(Stored data entries)

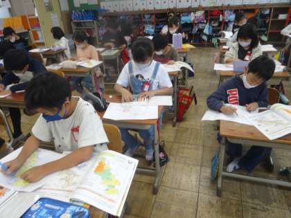 社会科の学習で京都府について学習しています。京都府の人口や土地の使われ方など学習してわかったことをリーフレットにしてまとめました。
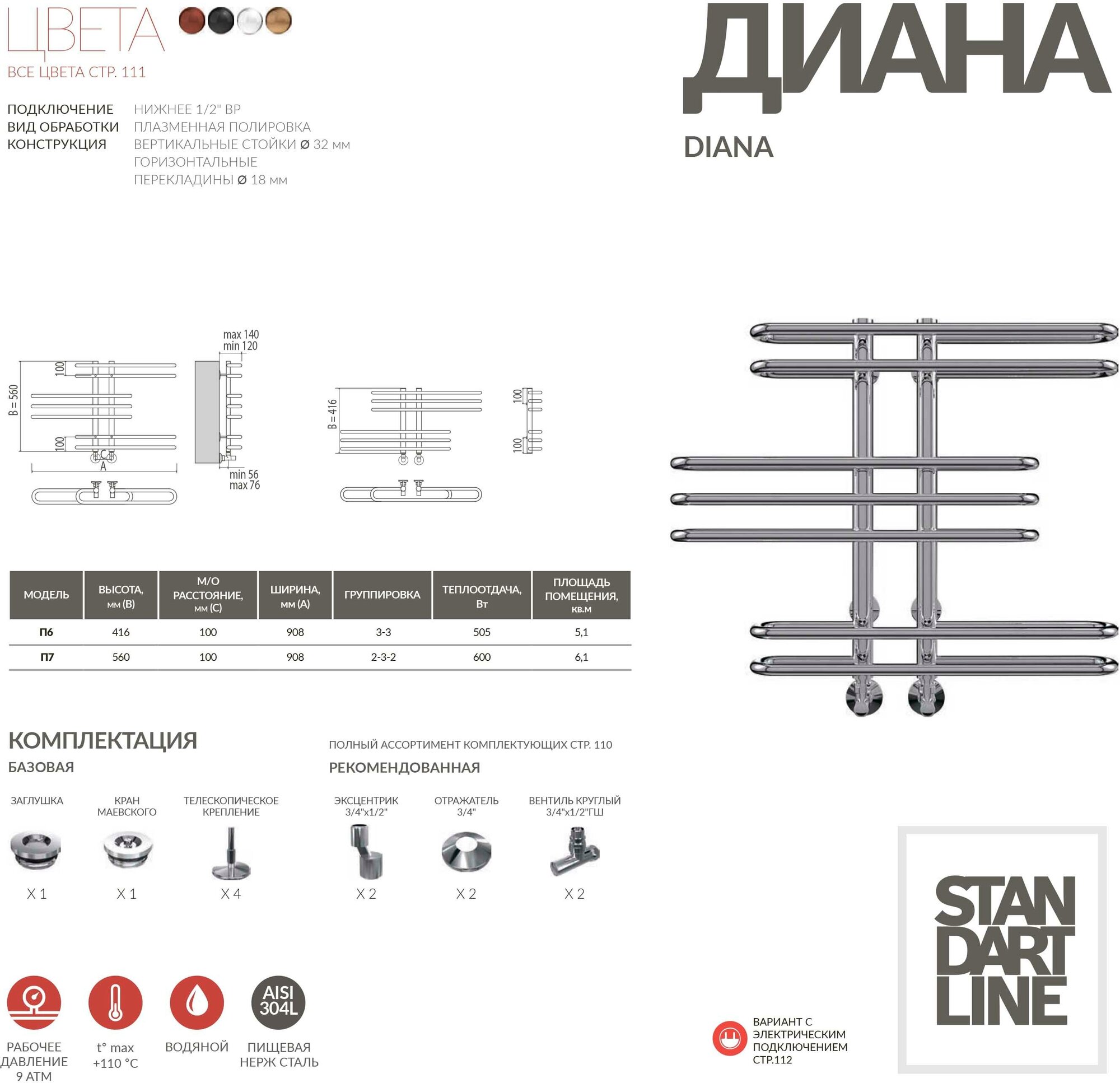 Полотенцесушитель Полотенцесушитель Диана П7, 100мм*560мм, Terminus (Россия), арт ДианаП7-100560
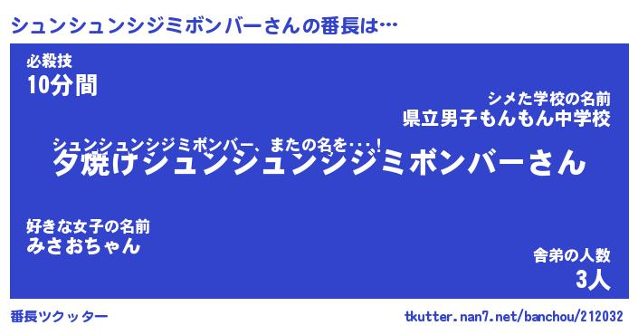 | ヒーロー風カッコイイあだ名 | 『スーパーシュンシュンシジミボンバー』 |
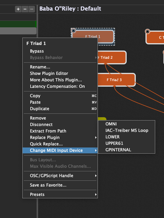 That said, you could still accomplish what we discussed by setting one keyboard to channel 1 and the other to channel 2 (say) and then using MIDI In blocks that only receive on one or the channel but not both. Map the outputs of them all to channel 1 then you’re good to go with your VSTs (first image).
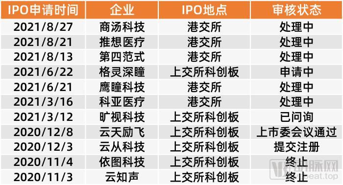 除了上述独角兽,近期还有云天励飞和格灵深瞳两家AI独角兽提交了上市申请。不过,根据招股书和公开信息显示,这两家企业并未涉足医疗健康领域。
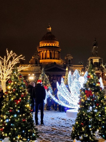 Приглашаем полюбоваться новогодним убранством трёх главных площадей Петербурга: Исаакиевской, Сенатской и Дворцовой. По пути мы обсудим традиции Рождества и Нового года. Поговорим о праздниках в домах простых людей и знатных господ. Поводим хоровод у главной городской ёлки, а, может, и покатаемся с горок.
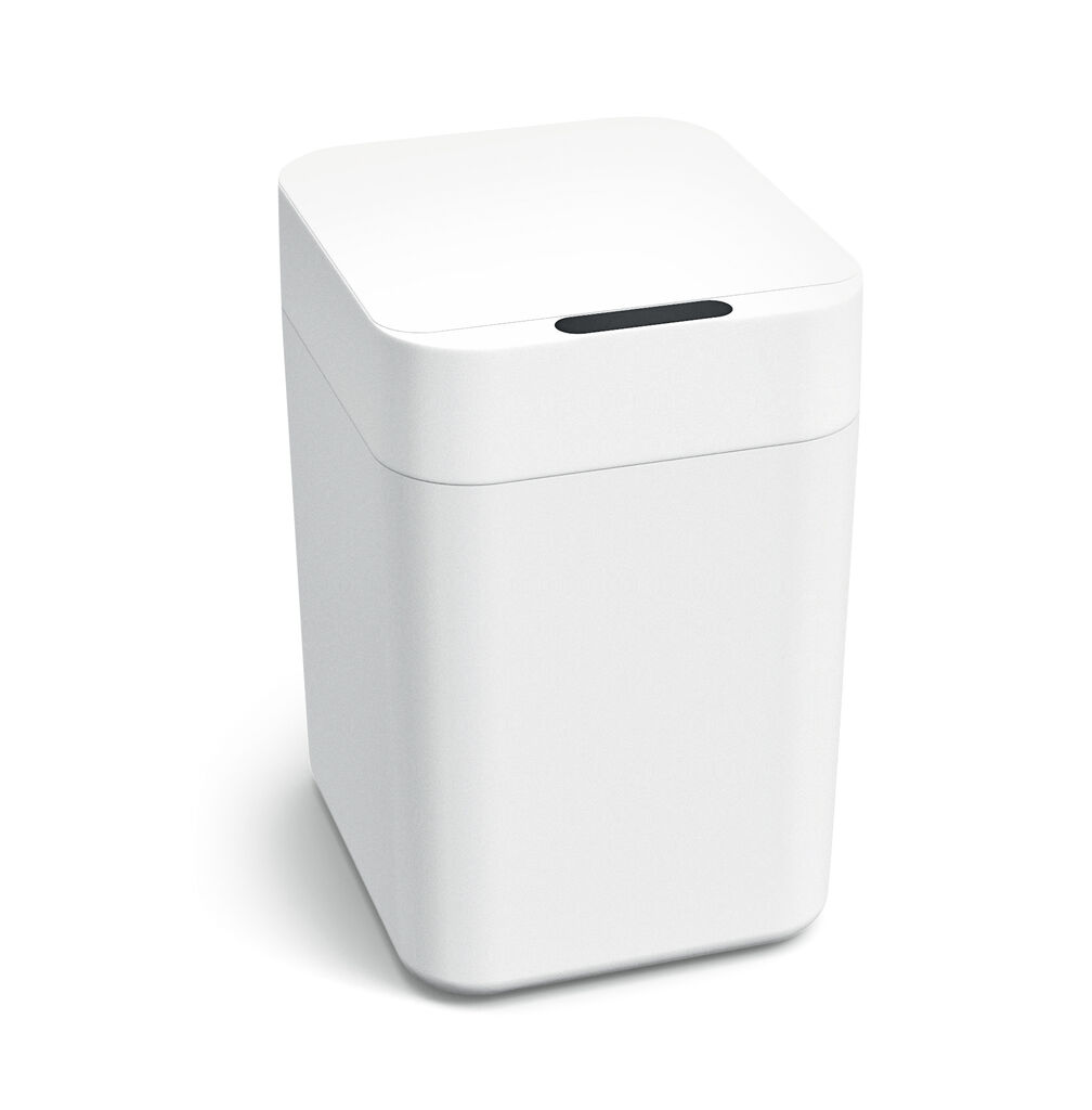 This trash can provides a hygienic solution for modern households. The modular design consists of a lid with a control display and compatible waste containers with different capacities. An internal circulation system equalises the pressure, automatically unfolding the bin liners and sealing them securely for emptying. This allows household waste to be disposed of without contact. The white surface blends unobtrusively into the kitchen and is easy to clean.
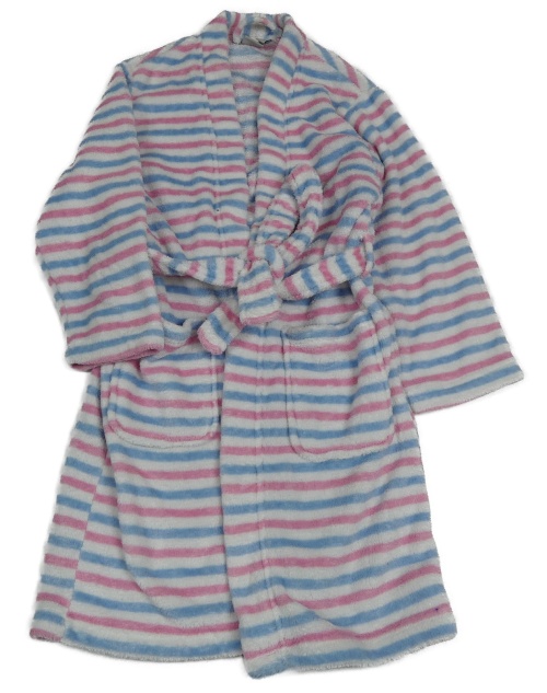 Bílo-růžovo-modrý pruhovaný chlupatý župan Alive
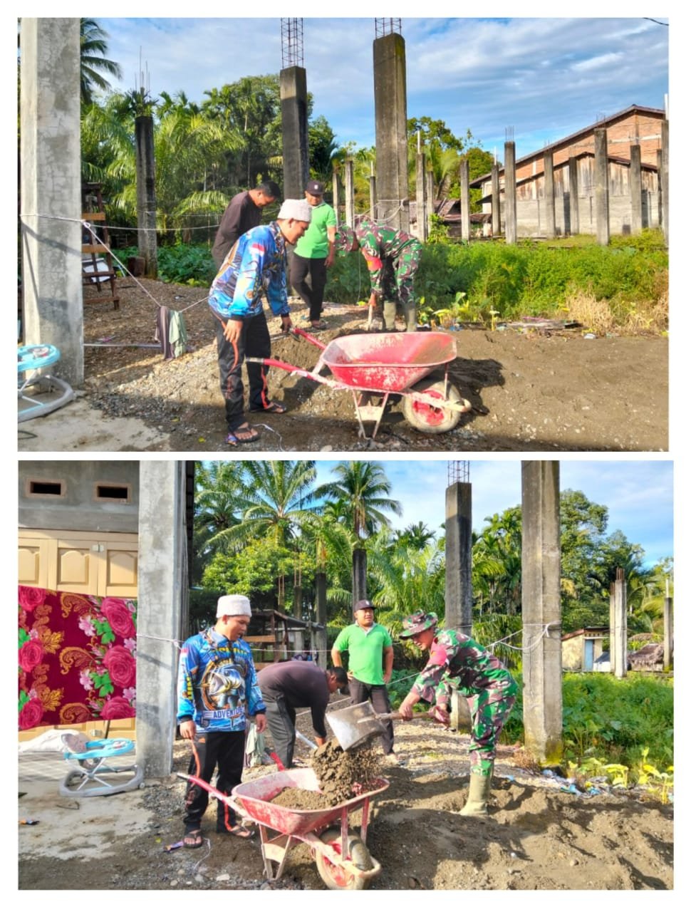 ACEH BARAT — Koptu Abdan, Babinsa Posramil 12/Panton Reu Kodim 0105/Aceh Barat, melaksanakan kegiatan gotong royong bersama warga binaan di Gampong Meutulang, Kecamatan Panton Reu, Kabupaten Aceh Barat, Kamis (18/12/2025).
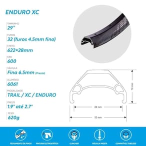 Modelo: Enduro Pro Furos: 32 (furo 4.5mm fino) Ilhós: Não Pneu Compatível: 1.90" até 2.70" Tipo de Pneu: Clincher ou Tubeless ETRTO: 622x28mm ERD: 600 Modalidade: Enduro / XC / Trail Válvula: Presta/Fina 6.5mm Medida Interna Aprox.: 28mm Medida Extrena Aprox.: 33mm Material: Alumínio 6061 Cor: Preto Peso Aprox.: 620g Marca: Flay
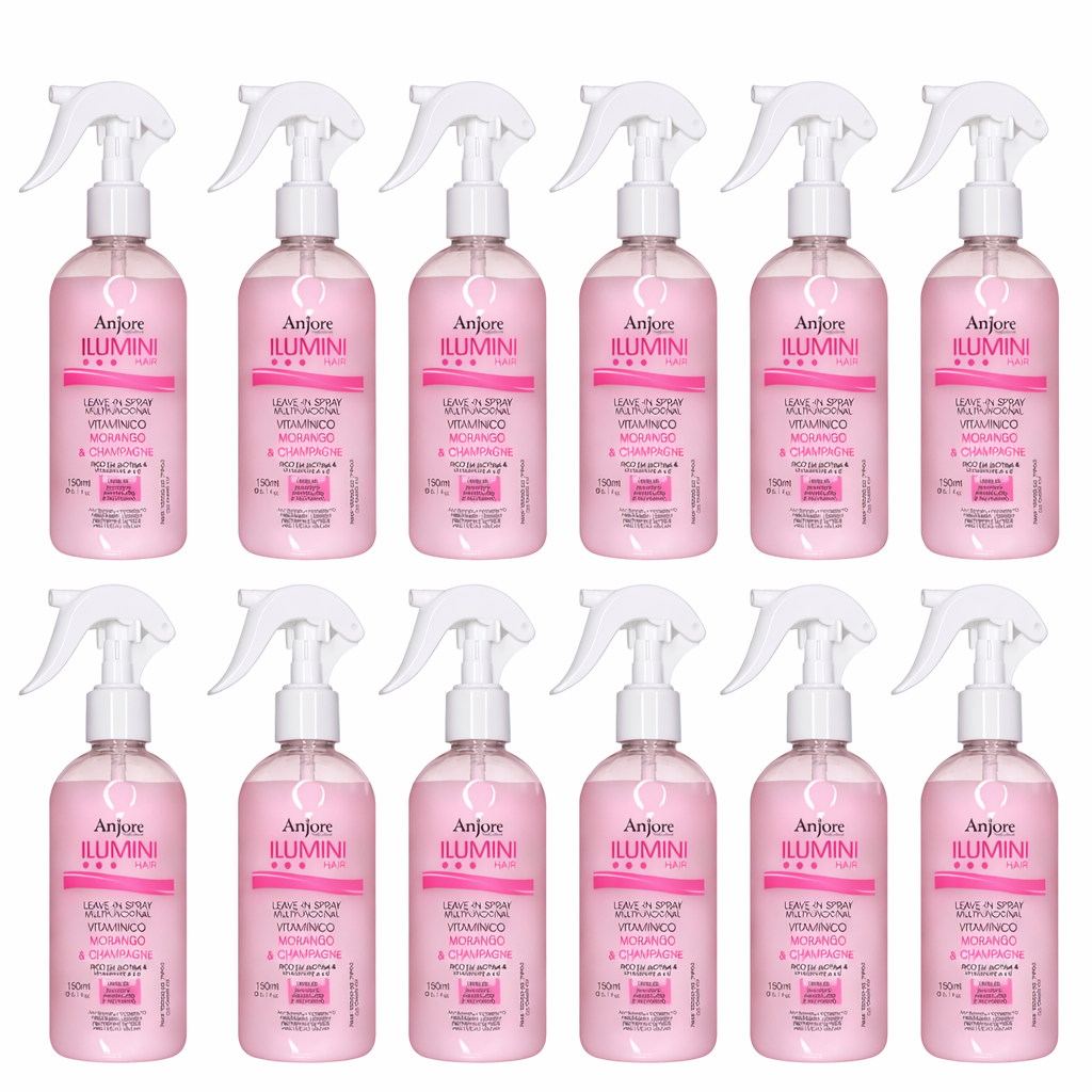 Você Receberá: 12 - Leavein Spray Vitamínico Biotina Ilumini Hair Morango & Champanhe Anjore 150ml Saudável com Leveza e Perfume Incrível! Dê um cuidado completo aos seus cabelos com o Leave-in Spray Multifuncional Anjore Morango & Champanhe! Com fórmula líquida, leve e inovadora, ele não pesa nos fios, não deixa oleoso e ainda garante hidratação, nutrição e proteção térmica, promovendo um crescimento saudável e acelerado. - Proteção térmica: forma uma barreira contra os danos do calor de secadores, chapinhas e modeladores - Textura líquida ultraleve – ideal para todos os tipos de cabelo, inclusive finos e oleosos - Fragrância deliciosa e sofisticada de morango com champanhe - Enriquecido com biotina, vitamina A e vitamina E – estimulam o crescimento, fortalecem e restauram os fios - Ação prolongada: vitaminas que mantêm os cabelos nutridos por mais tempo - Desembaraça, condiciona e revitaliza sem pesar Beleza, proteção e tratamento em um só produto! Modo de Uso: Aplique o Leave-in Anjore Morango & Champanhe nos cabelos úmidos ou secos. Borrife no comprimento e pontas, mantendo distância de cerca de 20cm. Espalhe com os dedos ou pente e não enxágue. Finalize como desejar: ao natural ou com secador, chapinha ou babyliss – protegendo seus fios do calor. Composição: Água, Álcool Cetoestearílico, Álcool cetílico, Cloreto de Cetrimônio, Perfume, Áido Cítrico, Óleo de semente de Helianthus Annus (girassol), EDTA dissódico, BHT, Metilcloroisotiazolinona, Metilisotiazolinona, Extrato de Fragraria Vesca, Acetato de Tocoferol, Bis-CetearylAmodimeticone, Ceteareth-7, Ceteareth-25, Dimeticonol, TEA-Dodecilbenzenossulfonato, Trideceth-12, Amodimeticona, Propilenoglicol, Álcool, CI 16255, PCA Sódico, Lactato de Sódio, Arginina, Ácido Aspártico, PCA, Glicina, Alanina, Serina, Valina, Prolina, Treonina, Isoleucina, Histidina, Fenilalanina, Extrato de Medicargo Sativa, Extrato de Humulus Lupulus, Extrato de Rosmarinus Officinalis, Extrato de Malilotus officinalis, Álcool Benzílico, Ácido Desidroacético, Benzoato de Benzil, Butilfenil Metilpropional, Citronelol, Geraniol, HexIl Cinamal, HIdroxIcitronelal, Linalol.

- DESCRIPTION OF THE TASK:
Set the records down again exactly, and omit any picture in them.

- ANSWER FOR THE TASK:
 社会科の学習で京都府について学習しています。京都府の人口や土地の使われ方など学習してわかったことをリーフレットにしてまとめました。
 Полотенцесушитель Полотенцесушитель Диана П7, 100мм*560мм, Terminus (Россия), арт ДианаП7-100560
 | ヒーロー風カッコイイあだ名 | 『スーパーシュンシュンシジミボンバー』 |
 That said, you could still accomplish what we discussed by setting one keyboard to channel 1 and the other to channel 2 (say) and then using MIDI In blocks that only receive on one or the channel but not both. Map the outputs of them all to channel 1 then you’re good to go with your VSTs (first image).
 除了上述独角兽,近期还有云天励飞和格灵深瞳两家AI独角兽提交了上市申请。不过,根据招股书和公开信息显示,这两家企业并未涉足医疗健康领域。
 Приглашаем полюбоваться новогодним убранством трёх главных площадей Петербурга: Исаакиевской, Сенатской и Дворцовой. По пути мы обсудим традиции Рождества и Нового года. Поговорим о праздниках в домах простых людей и знатных господ. Поводим хоровод у главной городской ёлки, а, может, и покатаемся с горок.
 This trash can provides a hygienic solution for modern households. The modular design consists of a lid with a control display and compatible waste containers with different capacities. An internal circulation system equalises the pressure, automatically unfolding the bin liners and sealing them securely for emptying. This allows household waste to be disposed of without contact. The white surface blends unobtrusively into the kitchen and is easy to clean.
 Bílo-růžovo-modrý pruhovaný chlupatý župan Alive
 ACEH BARAT — Koptu Abdan, Babinsa Posramil 12/Panton Reu Kodim 0105/Aceh Barat, melaksanakan kegiatan gotong royong bersama warga binaan di Gampong Meutulang, Kecamatan Panton Reu, Kabupaten Aceh Barat, Kamis (18/12/2025).
 Modelo: Enduro Pro Furos: 32 (furo 4.5mm fino) Ilhós: Não Pneu Compatível: 1.90" até 2.70" Tipo de Pneu: Clincher ou Tubeless ETRTO: 622x28mm ERD: 600 Modalidade: Enduro / XC / Trail Válvula: Presta/Fina 6.5mm Medida Interna Aprox.: 28mm Medida Extrena Aprox.: 33mm Material: Alumínio 6061 Cor: Preto Peso Aprox.: 620g Marca: Flay
 Você Receberá: 12 - Leavein Spray Vitamínico Biotina Ilumini Hair Morango & Champanhe Anjore 150ml Saudável com Leveza e Perfume Incrível! Dê um cuidado completo aos seus cabelos com o Leave-in Spray Multifuncional Anjore Morango & Champanhe! Com fórmula líquida, leve e inovadora, ele não pesa nos fios, não deixa oleoso e ainda garante hidratação, nutrição e proteção térmica, promovendo um crescimento saudável e acelerado. - Proteção térmica: forma uma barreira contra os danos do calor de secadores, chapinhas e modeladores - Textura líquida ultraleve – ideal para todos os tipos de cabelo, inclusive finos e oleosos - Fragrância deliciosa e sofisticada de morango com champanhe - Enriquecido com biotina, vitamina A e vitamina E – estimulam o crescimento, fortalecem e restauram os fios - Ação prolongada: vitaminas que mantêm os cabelos nutridos por mais tempo - Desembaraça, condiciona e revitaliza sem pesar Beleza, proteção e tratamento em um só produto! Modo de Uso: Aplique o Leave-in Anjore Morango & Champanhe nos cabelos úmidos ou secos. Borrife no comprimento e pontas, mantendo distância de cerca de 20cm. Espalhe com os dedos ou pente e não enxágue. Finalize como desejar: ao natural ou com secador, chapinha ou babyliss – protegendo seus fios do calor. Composição: Água, Álcool Cetoestearílico, Álcool cetílico, Cloreto de Cetrimônio, Perfume, Áido Cítrico, Óleo de semente de Helianthus Annus (girassol), EDTA dissódico, BHT, Metilcloroisotiazolinona, Metilisotiazolinona, Extrato de Fragraria Vesca, Acetato de Tocoferol, Bis-CetearylAmodimeticone, Ceteareth-7, Ceteareth-25, Dimeticonol, TEA-Dodecilbenzenossulfonato, Trideceth-12, Amodimeticona, Propilenoglicol, Álcool, CI 16255, PCA Sódico, Lactato de Sódio, Arginina, Ácido Aspártico, PCA, Glicina, Alanina, Serina, Valina, Prolina, Treonina, Isoleucina, Histidina, Fenilalanina, Extrato de Medicargo Sativa, Extrato de Humulus Lupulus, Extrato de Rosmarinus Officinalis, Extrato de Malilotus officinalis, Álcool Benzílico, Ácido Desidroacético, Benzoato de Benzil, Butilfenil Metilpropional, Citronelol, Geraniol, HexIl Cinamal, HIdroxIcitronelal, Linalol.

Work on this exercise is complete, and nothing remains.